Research done by AIs in the years leading up to AGI will represent a large chunk of the alignment research that happens, such that it is worth it to lose some human-research-time in order to make this shift come sooner (maybe for this argument to go through it only needs to be the case that the ratio of (good) Alignment/Capabilities research is higher once research is automated).
These pre-AGI AIs are sufficiently aligned. We have a fair amount of confident in our language models’ ability to help with research without causing catastrophic failures. i.e., they are either not trying to overthrow humanity, or they are unable to do so, including through research outputs like plans for future AI systems.

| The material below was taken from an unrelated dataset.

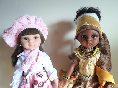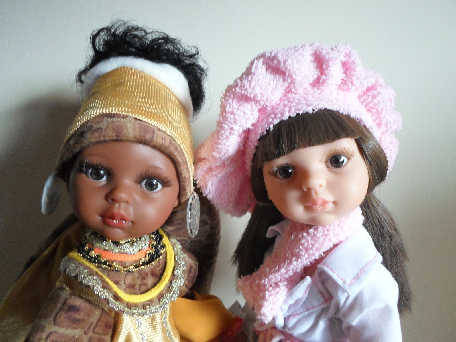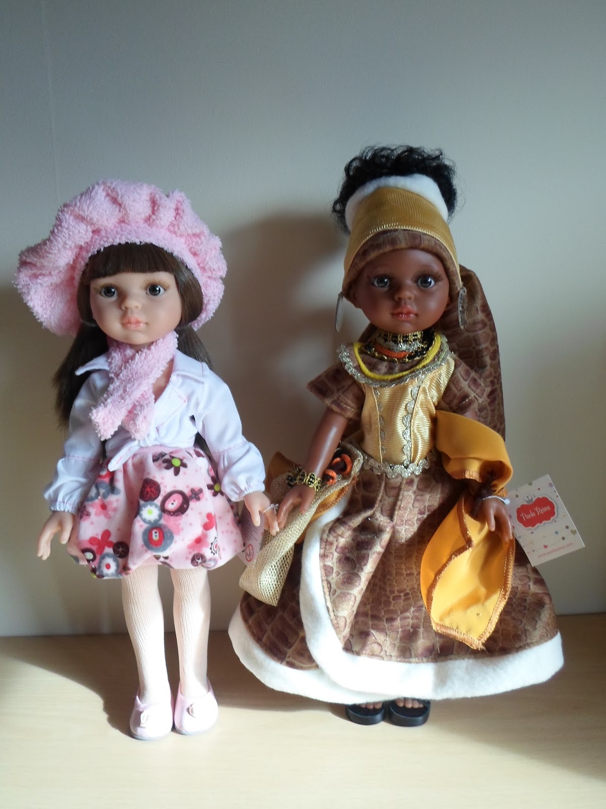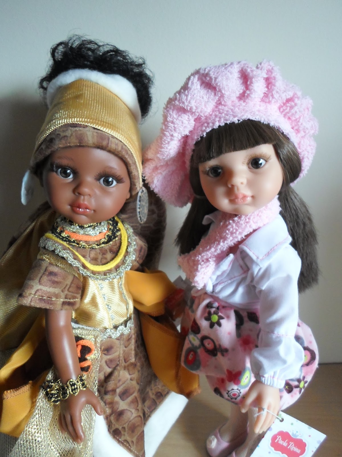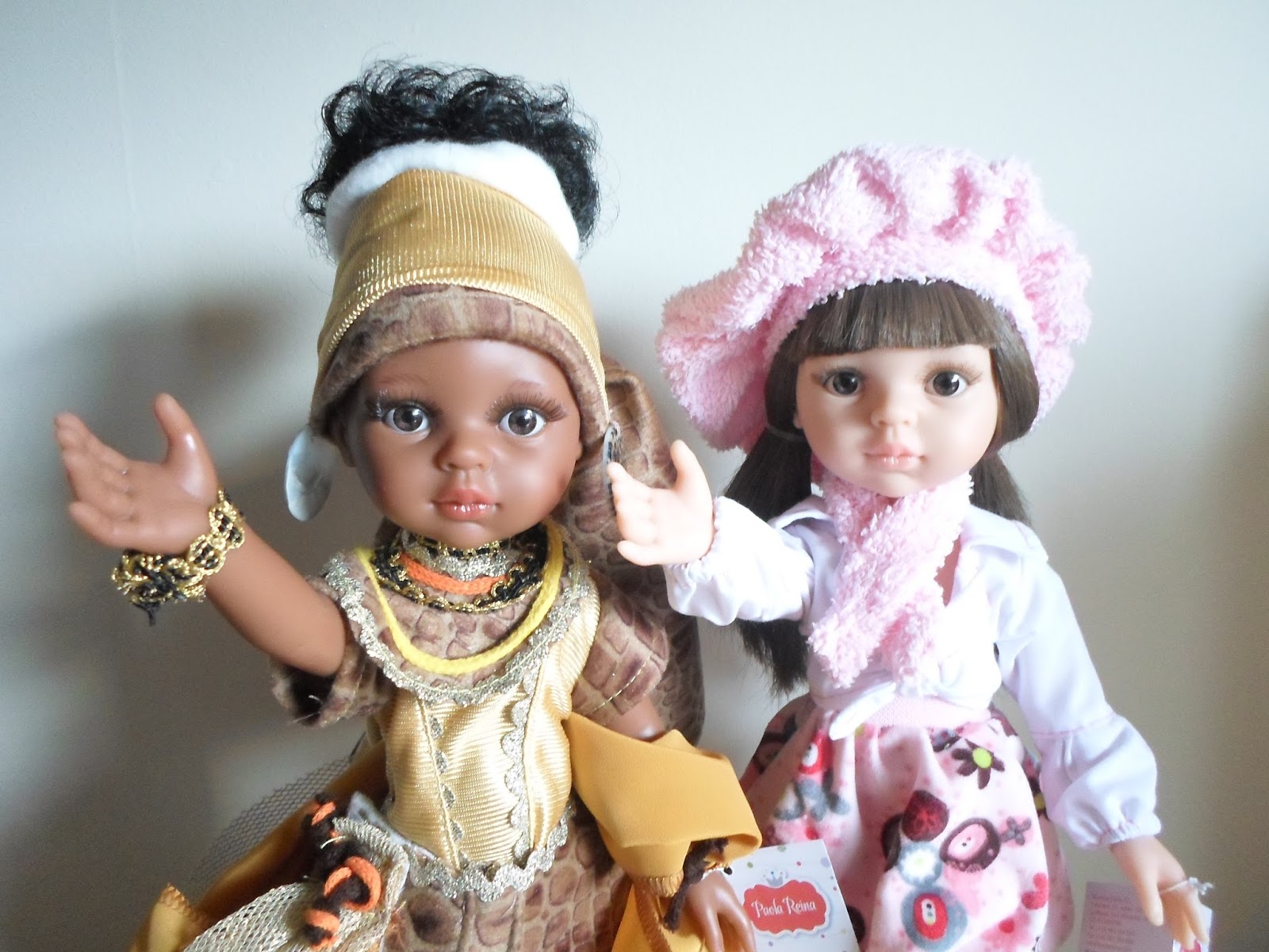Todo empezó a finales de verano, cuando fui a un centro comercial de Barcelona. Entré en la tienda Juguettos (que ya me tienen que conocer los dependientes porque pocas veces no he ido) y vi las muñecas Paola Reina, todas juntas en una estantería. Siempre habían estado ahí, pero nunca me había fijado en ellas. Me puse a mirarlas con más detenimiento y me di cuenta de que muñecas eran y pensé: "¡Creía que eran de la medida de Nancy!". Entonces vi a aquella preciosidad de muñeca que me impactó: una preciosa ¿reina, princesa? africana muy especial. Se la enseñé a mi padre y dijo: está muy bien la muñeca. Pero todo quedó ahí. Ya bien entrado el otoño volví allí y la seguí viendo junto a muchas otras de la misma marca (incluida la que me regaló Papa Noel) y entré las vi con mi prima, que en meses cumplirá 10 años. Y no os lo podréis creer, pero yo me quedé sola mirándolas y ella se fue a ver juguetes electrónicos (con deciros que casi todos sus regalos han sido videojuegos y su correspondiente consola, lo digo todo...). Fue entonces cuando llamé a mi madre y a la suya (mi tía, vamos), y se quedaron prendadas de ellas. Yo indirectamente le dije después que quería esa preciosa negrita y elegí a la otra que me gustaba más, Carol vestida para el invierno.Pasó el tiempo y se acercaba la Navidad. Preocupada por no encontrarlas, las vi allí y me llevé un alivio impresionante. Así que ahora están las dos conmigo, ¡y no puedo estar más contenta!

There is some action folks in the AI Safety space could take which would make the move to this Endgame happen sooner. Examples might include: Anthropic scaling language models (and trying to keep them private), developing AI tools to speed up research (Elicit),
List goes on, but I’m tired
Great post!
It seems to me that infohazards are the unstated controversy behind this post. The researchers you are in debate with don’t believe in infohazards, or more precisely they believe that framing problems as infohazards makes progress impossible since you can’t solve an engineering problem if you are not allowed to talk about it freely.
Presumably in the endgame, there will be no infohazards since all the important dangerous secrets are already widely known, or it’s too late to keep secrets anyway. I think most researchers would prefer to work in an environment where they didn’t have to deal with censorship. Therefore, if we can work as if it was the endgame already, then we might make more progress. That is the impetus behind getting to the endgame.
I feel like this comment combines my “Bad Argument 1” with “Bad Argument 2”! If it doesn’t, then what am I missing? Or if it does, then do you think one or both of my “Bad Arguments” are not actually bad arguments?
Let’s say I have Secret Knowledge X, and let’s assume (generously!) that this knowledge is correct as opposed to wrong. And let’s say that if I share Secret Knowledge X, it would enable you to figure out Alignment Idea Y. But also assume that Secret Knowledge X is a key ingredient for building AGI.
Your proposal is: I should share Secret Knowledge X so that you can get to work on Alignment Idea Y.
My counter-proposal is: Somebody is going to publish Secret Knowledge X sooner or later on arxiv. And when they do, then you can go right ahead and figure out Alignment Idea Y. And in the meantime, there are plenty of other productive alignment-related things that you can do with your time. I listed some of them in the post.
(Alternatively, maybe nobody will ever publish Secret Knowledge X, but rather it will be discovered at DeepMind and kept secret from competitors. In that case, then someone on the DeepMind Safety Team can figure out Alignment Idea Y. And by the way, I’m super happy that in this scenario, DeepMind can go slower and spend more time on endgame safety, thanks to the fact that Secret Knowledge X has remained secret.)